Во всем этом разговоре был не то чтобы подтекст, скорее, какой-то неопределенный и тревожный задний план, который Великанов, как ни силился, разглядеть не мог.

Гном помолчал со все той же своей неопределенной улыбочкой, потом сказал:

– Я ведь тут недавно появился и пока никуда отсюда не собираюсь. – Он повертел в руках пустую кружку. – Надо будет вам стакан подарить – из железа пить неприятно. Почувствуете себя еще комфортнее. И мне будет приятней к вам в гости заходить.

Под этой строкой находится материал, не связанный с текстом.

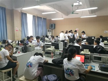 经过短暂的休息,产品现场评测在下午1:30准时开始。评测开始前,各参赛队伍将其产品调试完毕后,搬进测试场地。每次测试只允许一直队伍在场内与评委进行沟通,其他队伍则在候场区进行准备。在准备的过程中,也会有指导老师,或评委老师来窜访,各个队伍也会彼此之间进行交流,营造出相互交流,相互帮助,共同进步的氛围。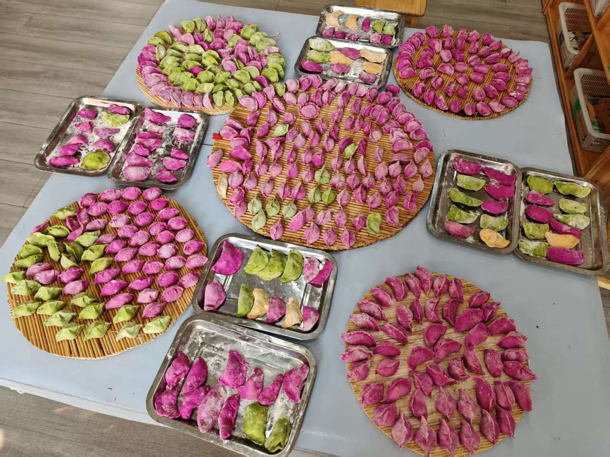 紧随其后的“品冬至——舌尖上的冬日甜蜜”环节,将活动推向高潮。各班化身为趣味盎然的“美食工坊”,孩子们在老师的指导下,兴致勃勃地动手制作传统美食。搓汤圆、包饺子,孩子们忙得不亦乐乎,在揉、捏、搓、团的过程中,不仅锻炼了手部精细动作,更真切体会到了劳动与分享的快乐。当一碗碗热气腾腾的汤圆和饺子端上桌时,孩子们品尝着自己的劳动成果,脸上洋溢着满足与幸福的笑容,冬日的甜蜜与温暖在舌尖与心间流淌。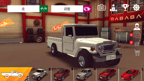 游戏的玩法系统简单的分为两个操作部分,一个就是中文翻译下的“走”和“调整”,其次就是关于车库中车型的选择,其中“走”就是大家常见到的挑战模式,这里分别有“多人”和“单人”模式。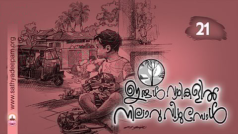 ഗേറ്റിനു സമീപം വന്നു നിന്ന ഒരു ഓട്ടോറിക്ഷയുടെ ശബ്ദമാണ് അവന്റെ ശ്രദ്ധ തിരിച്ചത്. അതില് നിന്നും പുറത്തേക്കിറങ്ങുന്ന ആളെക്കണ്ട് ആ കുഞ്ഞുമുഖം ആനന്ദാതിരേകത്താല് ഒരു പൂക്കുരവ പോലെ പൊട്ടിവിടര്ന്നു.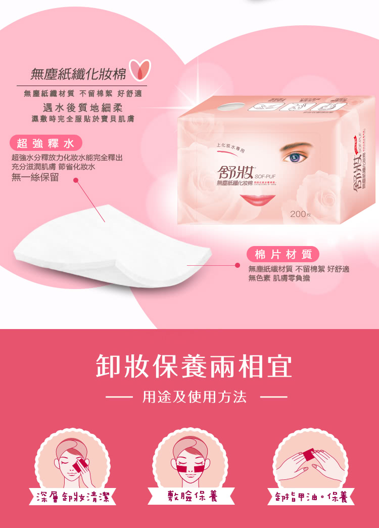 用途:上化妝水、敷臉、卸妝、去除指甲油…等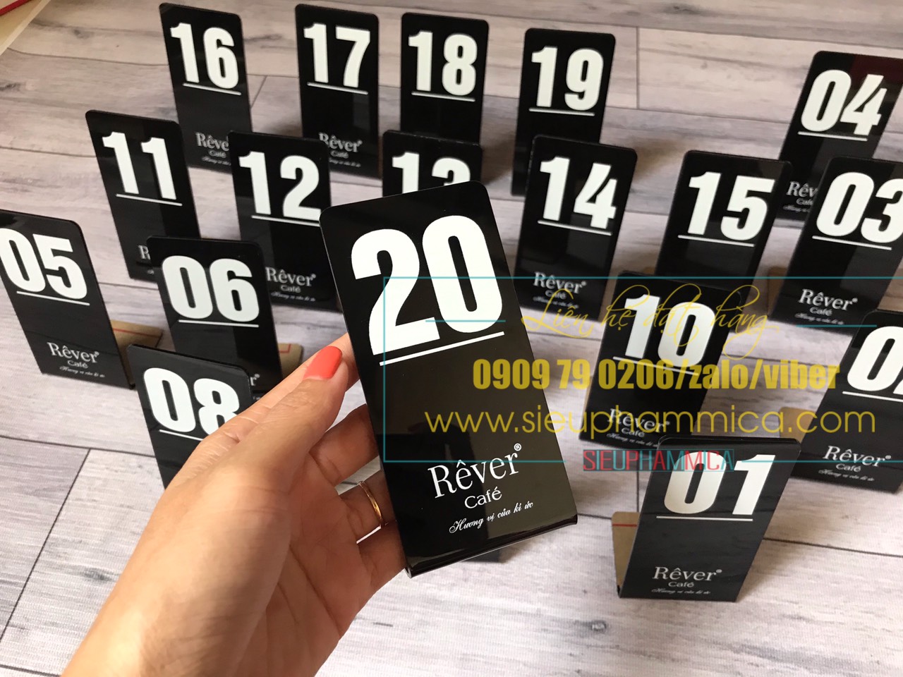 Biển số bàn mica hay còn gọi là thẻ order số bàn, thẻ mica chờ đợi, thẻ số bàn quán, được dùng rộng rãi trong những quán café, nhà hàng quán ăn,….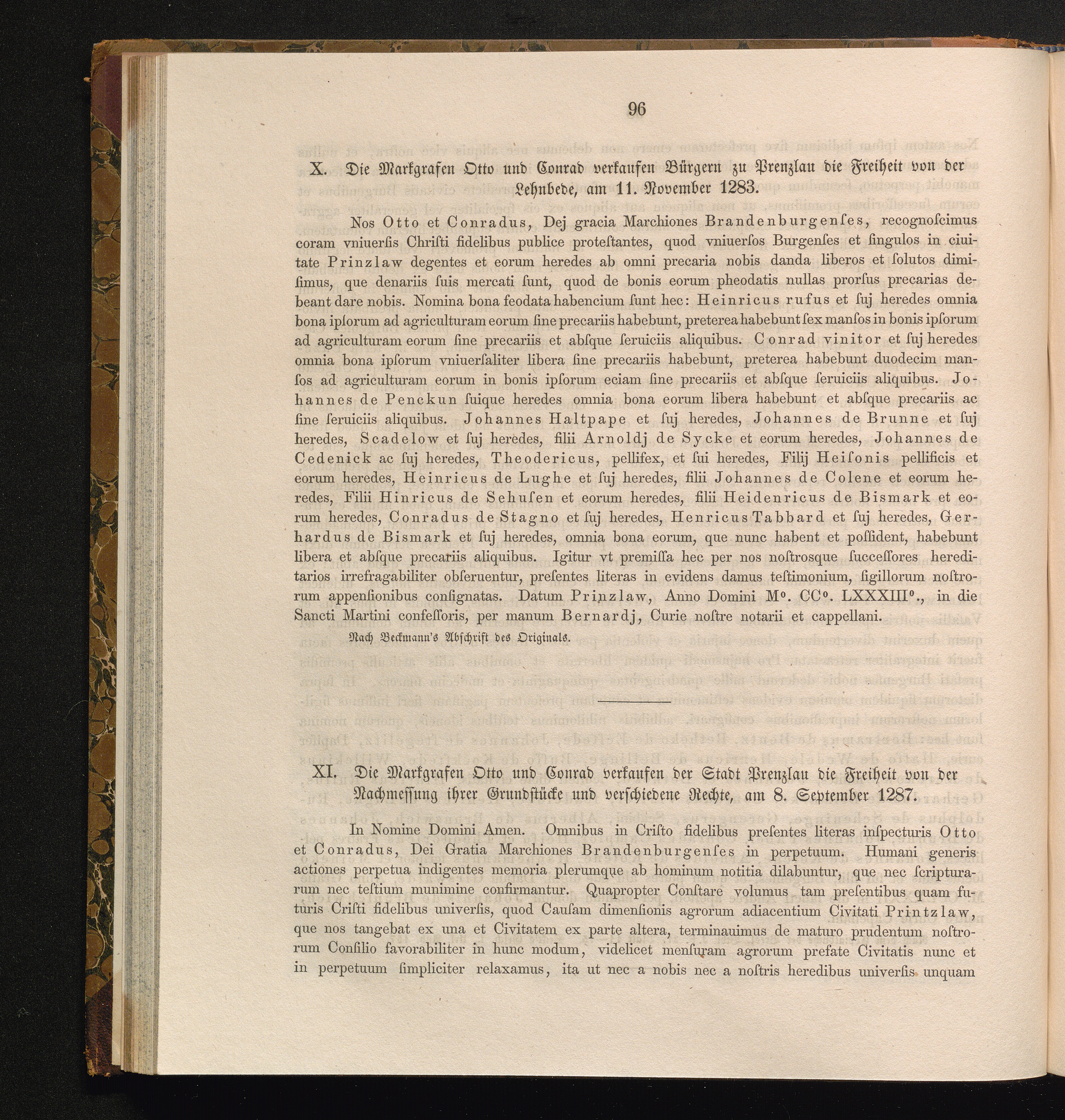 XI. Die Markgrafen Otto und Conrad verkaufen der Stadt Prenzlau die Freiheit von[...]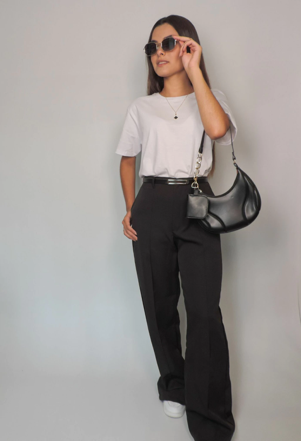 A Calça Alfaiataria Preta com modelagem wide leg é a peça chave para quem busca um visual sofisticado, moderno e confortável. Seu corte amplo e fluido oferece liberdade de movimento, enquanto os detalhes bem pensados valorizam o corpo e adicionam um toque de elegância.

«А буду ли я тебя еще приглашать», – подумал Великанов и буркнул:

– Уж извините, пью из того, что есть. И потом, стаканы бьются, а кружки надежнее.

– Это верно, конечно, но я вообще-то хотел о другом с вами поговорить.

– О другом?

– Ну да, о другом стакане.

– Не понимаю, – пробормотал Великанов.

– Да все вы понимаете, Сергей Сергеевич, все прекрасно, великолепно, замечательно понимаете!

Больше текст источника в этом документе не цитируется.